Task details: Go through the listing and set it down exactly, leaving out its pictures.

Data excerpt:
#####
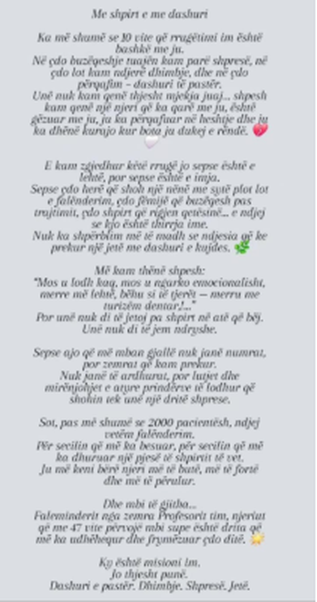Me shpirt e me dashuri Ka më shumë se 10 vite që rrugëtimi im profesional ka qenë pranë jush. Në çdo buzëqeshje kam parë shpresë, në çdo lot kam ndjerë dhimbje, dhe në çdo përqafim – dashuri të pastër. Nuk kam qenë thjesht mjekja juaj. Shpesh kam qenë njeriu që ka qarë me ju, është gëzuar me ju, ju ka përqafuar në heshtje dhe ju ka dhënë kurajë kur bota ju dukej e rëndë. E kam zgjedhur këtë rrugë jo sepse është e lehtë, por sepse është thirrja ime. Sepse çdo herë që shoh një nënë me sy të mbushur me lot falënderimi, çdo fëmijë që buzëqesh pas trajtimit, çdo shpirt që rigjen qetësinë – ndjej se jam aty ku duhet.
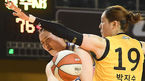 [OSEN=청주,박준형 기자] 11일 오후 충북 청주시 청주체육관서 'KB 국민은행 2020-2021 여자프로농구' 챔피언결정전 3차전 청주 KB와 용인 삼성생명 경기가 진행됐다.4쿼터 삼성생명 이명관이 레이업슛을 시도하고 있다./ soul1014@osen.co.k
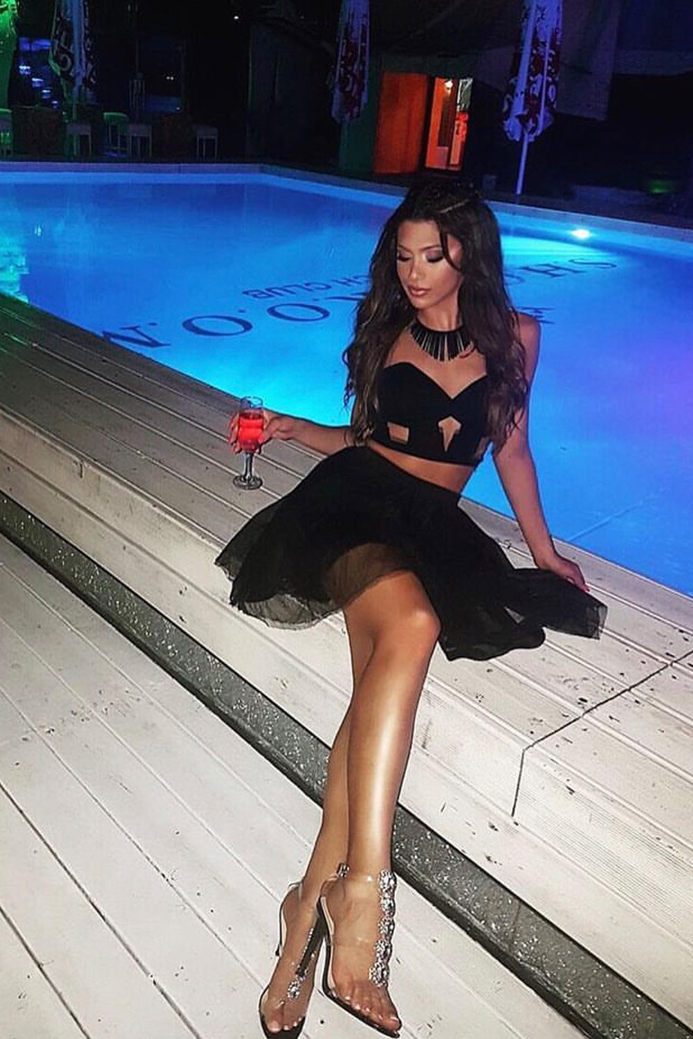 МИНИ СЕТ 2 ЧАСТИ ТОП С ПОЛА ТРИКО ТЮЛ ЧЕРЕН
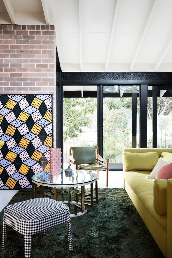 В первую очередь дизайнеры избавились от старого фасада и перенесли кухню на первый этаж. Затем все пространство внизу расширили вплоть до пышного и ухоженного сада, и выложили пол контрастным черно-белым камнем. Для оформления стен дизайнеры привлекли сиднейскую студию Lymesmith: они добавили помещению еще больше цвета и яркости, украсив зону камина абстрактным рисунком. Казалось бы, броская мебель — уже перебор, но дизайнерам удалось и здесь достичь баланса и гармонии.
#####
Output below:
Me shpirt e me dashuri Ka më shumë se 10 vite që rrugëtimi im profesional ka qenë pranë jush. Në çdo buzëqeshje kam parë shpresë, në çdo lot kam ndjerë dhimbje, dhe në çdo përqafim – dashuri të pastër. Nuk kam qenë thjesht mjekja juaj. Shpesh kam qenë njeriu që ka qarë me ju, është gëzuar me ju, ju ka përqafuar në heshtje dhe ju ka dhënë kurajë kur bota ju dukej e rëndë. E kam zgjedhur këtë rrugë jo sepse është e lehtë, por sepse është thirrja ime. Sepse çdo herë që shoh një nënë me sy të mbushur me lot falënderimi, çdo fëmijë që buzëqesh pas trajtimit, çdo shpirt që rigjen qetësinë – ndjej se jam aty ku duhet.
 [OSEN=청주,박준형 기자] 11일 오후 충북 청주시 청주체육관서 'KB 국민은행 2020-2021 여자프로농구' 챔피언결정전 3차전 청주 KB와 용인 삼성생명 경기가 진행됐다.4쿼터 삼성생명 이명관이 레이업슛을 시도하고 있다./ soul1014@osen.co.k
 МИНИ СЕТ 2 ЧАСТИ ТОП С ПОЛА ТРИКО ТЮЛ ЧЕРЕН
 В первую очередь дизайнеры избавились от старого фасада и перенесли кухню на первый этаж. Затем все пространство внизу расширили вплоть до пышного и ухоженного сада, и выложили пол контрастным черно-белым камнем. Для оформления стен дизайнеры привлекли сиднейскую студию Lymesmith: они добавили помещению еще больше цвета и яркости, украсив зону камина абстрактным рисунком. Казалось бы, броская мебель — уже перебор, но дизайнерам удалось и здесь достичь баланса и гармонии.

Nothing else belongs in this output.